Well, that may be.  But I do appreciate the beauty of the position that I am in.  That is a position in which I don’t give a shit what you think.

Go time

June 22, 2010




So we’ve started to set our lobster gear for the 2010 season, about two months earlier than usual.  Its been a long time since we’ve fished lobster in June, it should be interesting to see how we’ll be received by the inshore fleet.   Another side effect of NOAA’s mis-guided fisheries regulations will be more guys fishing for lobster for more of the year.  One load down, only 1100 traps to go.  Put the phone down Mark, I’m only kidding.

Bushy tailed rat

June 19, 2010

Some folks preach that we should have love and compassion for all of Gods creatures.  Perhaps the red squirrel that has been waking me up all week running around on my deck is trying to express his love and compassion for me?  He should have thought twice, because when the Socom Carbine .177 cal air rifle starts barkin’ hell-fire, all squirrels shall Rue the day.  Rue the day.

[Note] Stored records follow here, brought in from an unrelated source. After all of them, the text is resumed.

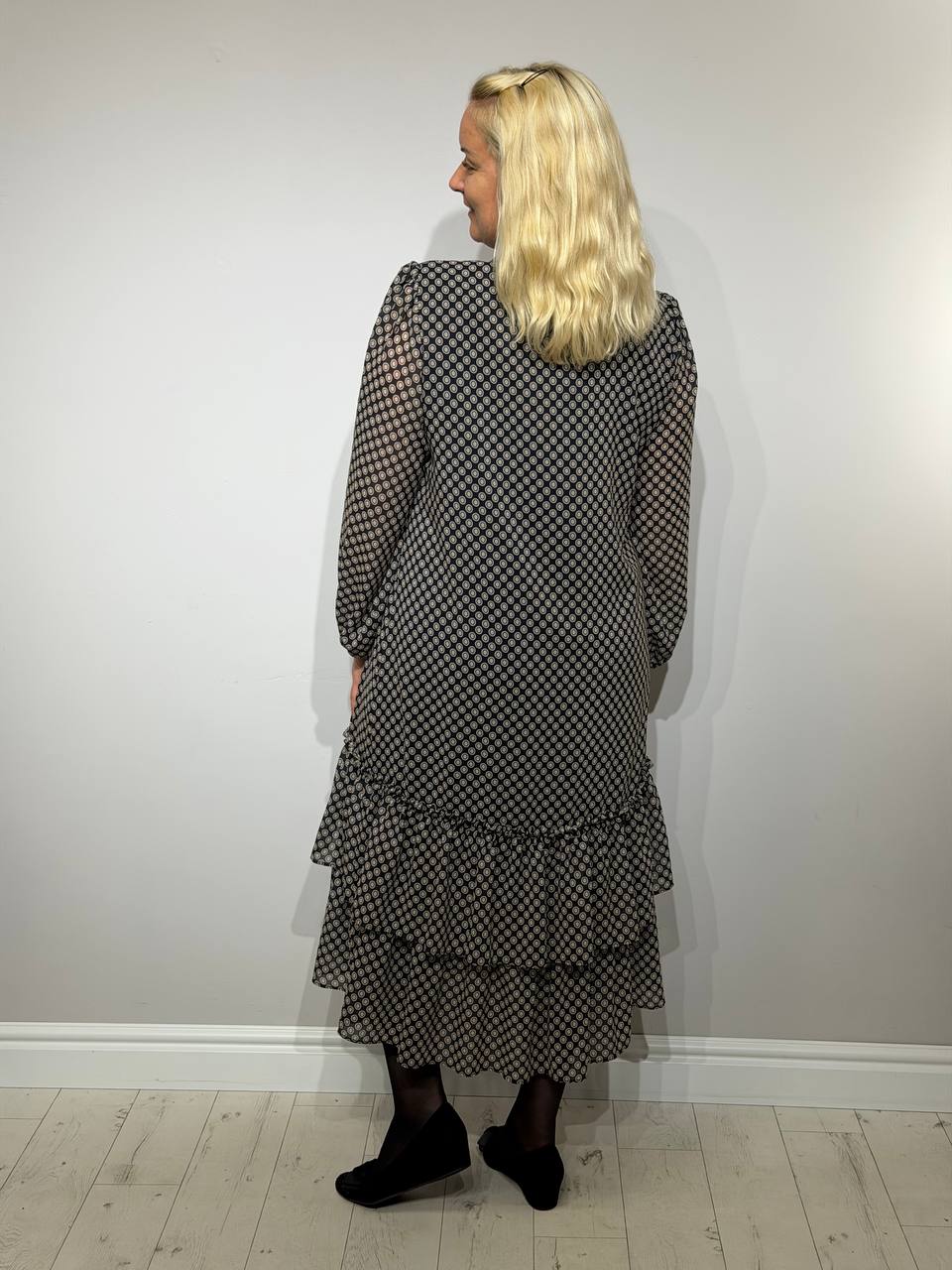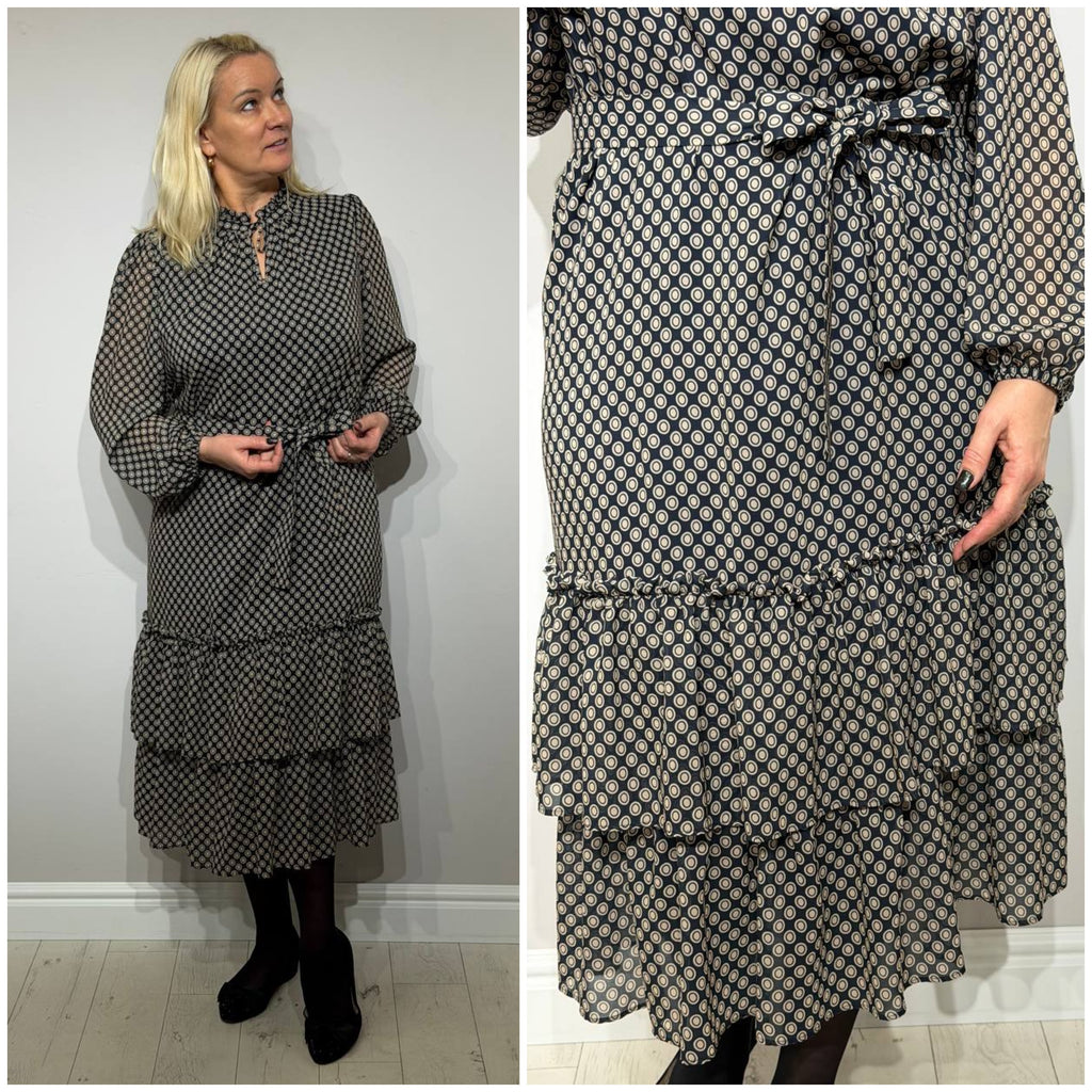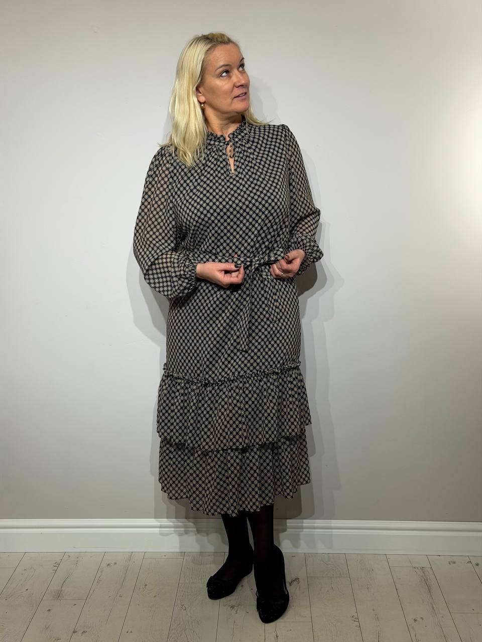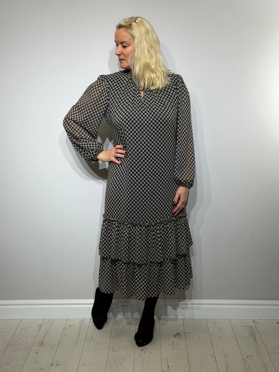 Eleganta un gaisīga kleita ar ģeometrisku rakstu, volānu apakšdaļu un vieglām garajām piedurknēm. Kleita ir patīkama ķermenim, elpojoša un viegli kopjama. Ideāli piemērota gan ikdienai, gan īpašiem gadījumiem.
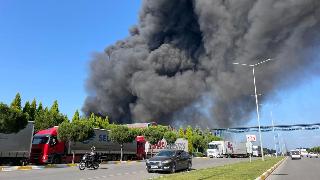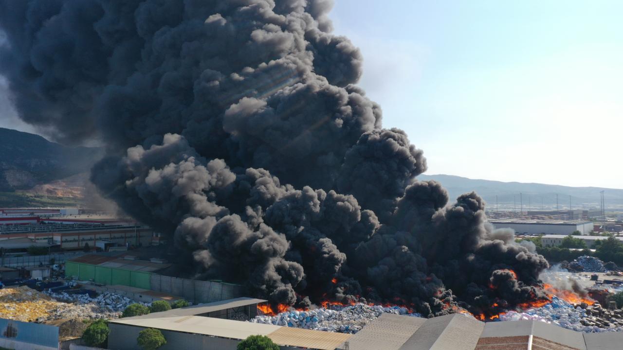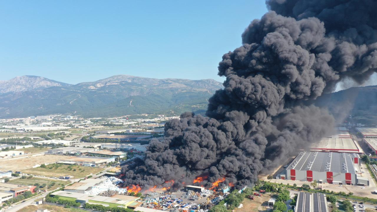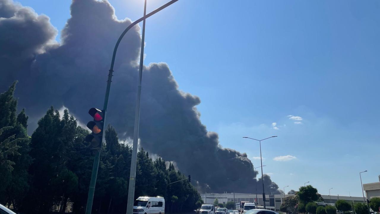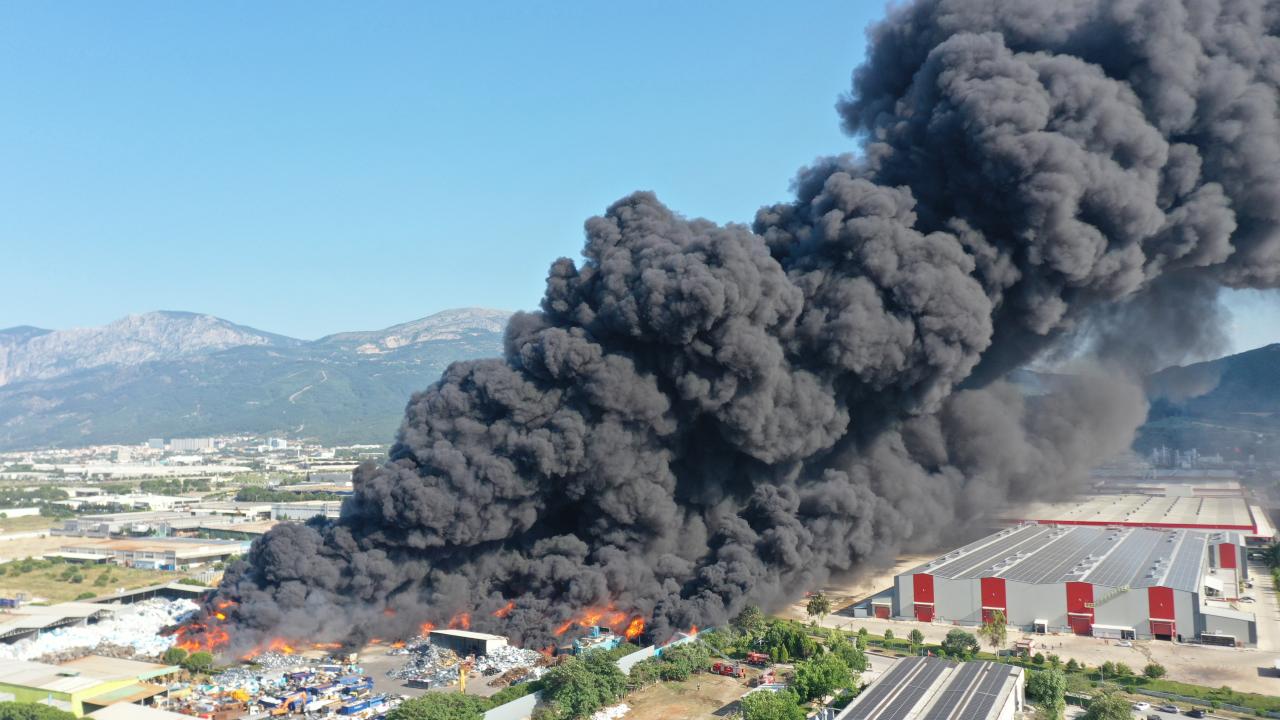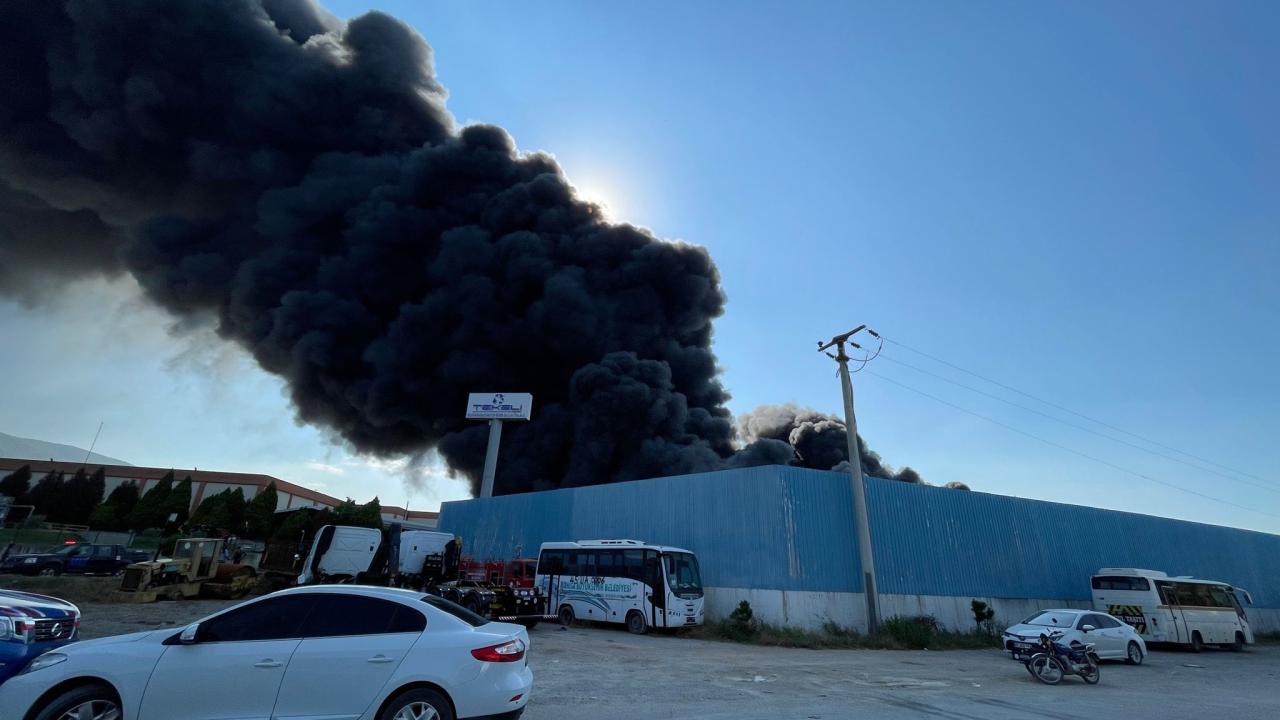 Yangın nedeniyle çıkan duman kentin birçok yerinden görülürken itfaiye ekiplerinin yangına müdahalesi sürüyor.
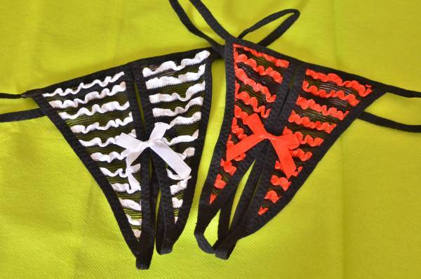 - 『送料無料』★穴あき★メッシュ★ふりふり★ストレッチ素材★Tバックショーツ★2枚組★白&赤★Mサイズ★
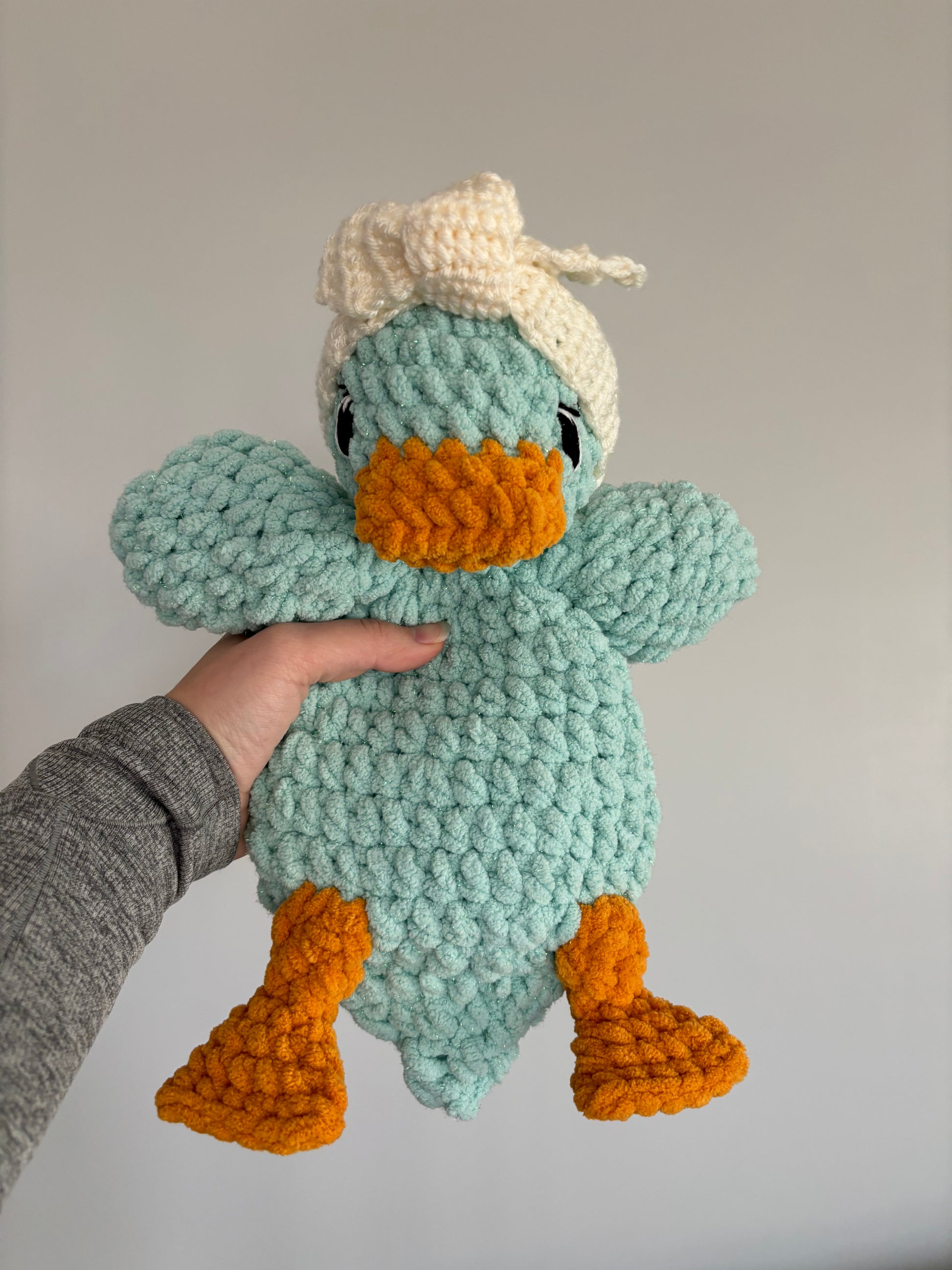 Whether she’s keeping little ones company at bedtime or brightening up a nursery shelf, Sparkly Della brings comfort and smiles wherever she goes. Each duck lovie is made with care, ensuring a one-of-a-kind keepsake that’s just as special as the person who receives her.
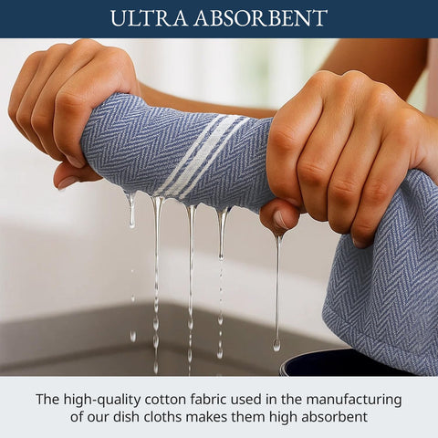 - Premium Tea Towels for Kitchen : Why waste your time scrubbing pots and pans when you can let our dish towel do the work for you? Our dish rags are made of 100% natural cotton, making them durable and firm enough to withstand repeated uses and washings without losing their shape or color.
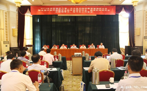 为了进一步加强华东地区中医药院校教务部门之间的交流与合作,更好地推动中医药教育教学改革,由全国中医药高等教育学会教学管理研究会、全国中医药高等教育学会教育科学研究会主办、山东中医药大学承办的“2014年华东地区六省一市中医药院校教学管理研讨会”于2014年8月8-10日在济南市召开。国家中医药管理局人教司副司长吴厚新,综合协调处副处长周景玉,全国中医药高教学会秘书长、全国中医药高教学会教育科学研究会理事长、北京中医药大学副校长翟双庆,全国中医药高教学会教学管理研究会理事长、上海中医药大学副校长胡鸿毅,全国中医药高教学会教学管理研究会副理事长、天津中医药大学副校长周桂桐,山东中医药大学校长欧阳兵,副校长高树中出席会议。我校教务处处长储全根,副处长王鹏、颜贵明及教务处相关科室负责人参加了本次会议。
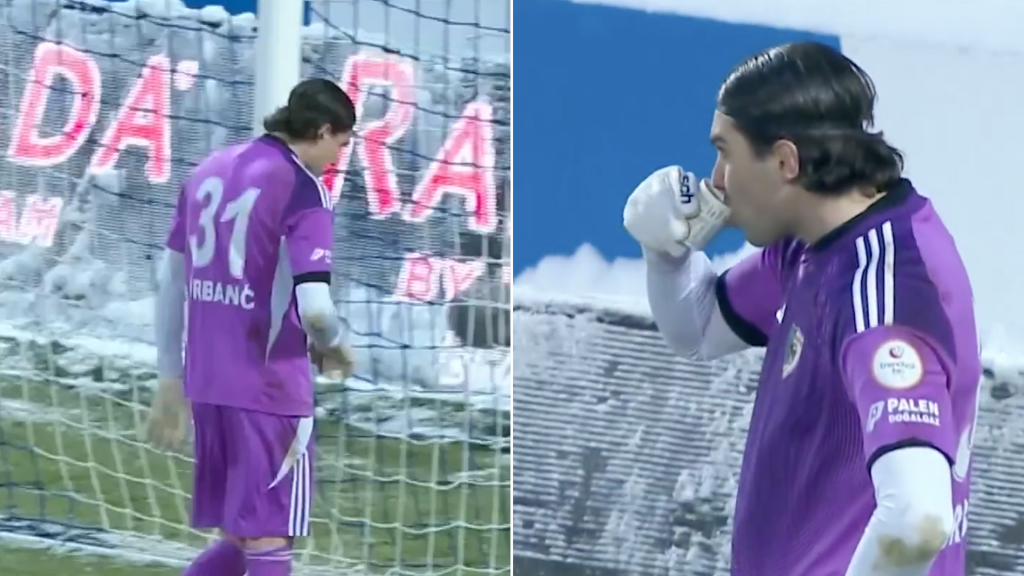 التقطت الكاميرات حارس مرمى نادي إيرزوروم سبور، ماتيا أوربانيك، وهو يحتسي الشاي خلال المباراة لتدفئة نفسه من البرد القارس، حيث أظهرت الصور المتداولة تساقطا كثيفا للثلوج وتجمعها على أرضية الملعب.

Mister squirrel, you have been found guilty of trespassing by a jury of your peers and sentenced to death.  May the lord have mercy on your soul.  (Oh yeah, read that with a southern accent)

fairweather fan

June 17, 2010

So, I am in the unfortunate position of having to be a basketball fan tonight.  I don’t like it.  First of all, there is way too much diving.  Second of all, there is way too much tough guy, gangster thug attitude from guys that were more than happy to flop around on the floor the previous play.  Third of all, every time someone drives the lane the whistles blow for a foul.  I mean these are big athletic guys; give them some mouth-pieces and let them get after it.  Then I would watch.  Someone wants to flop around on the floor, kick him in the stomach.  That would end the flopping.  Someone wants to stare you down after a big dunk, elbow him in the teeth.  Ultimately, I think that the NBA needs to instate a new rule where each team is required to have one hockey player on the floor at all times.

All that having been said, this video is funny:

I mean, what did this kid think was going to happen?  Pull your shit together kid.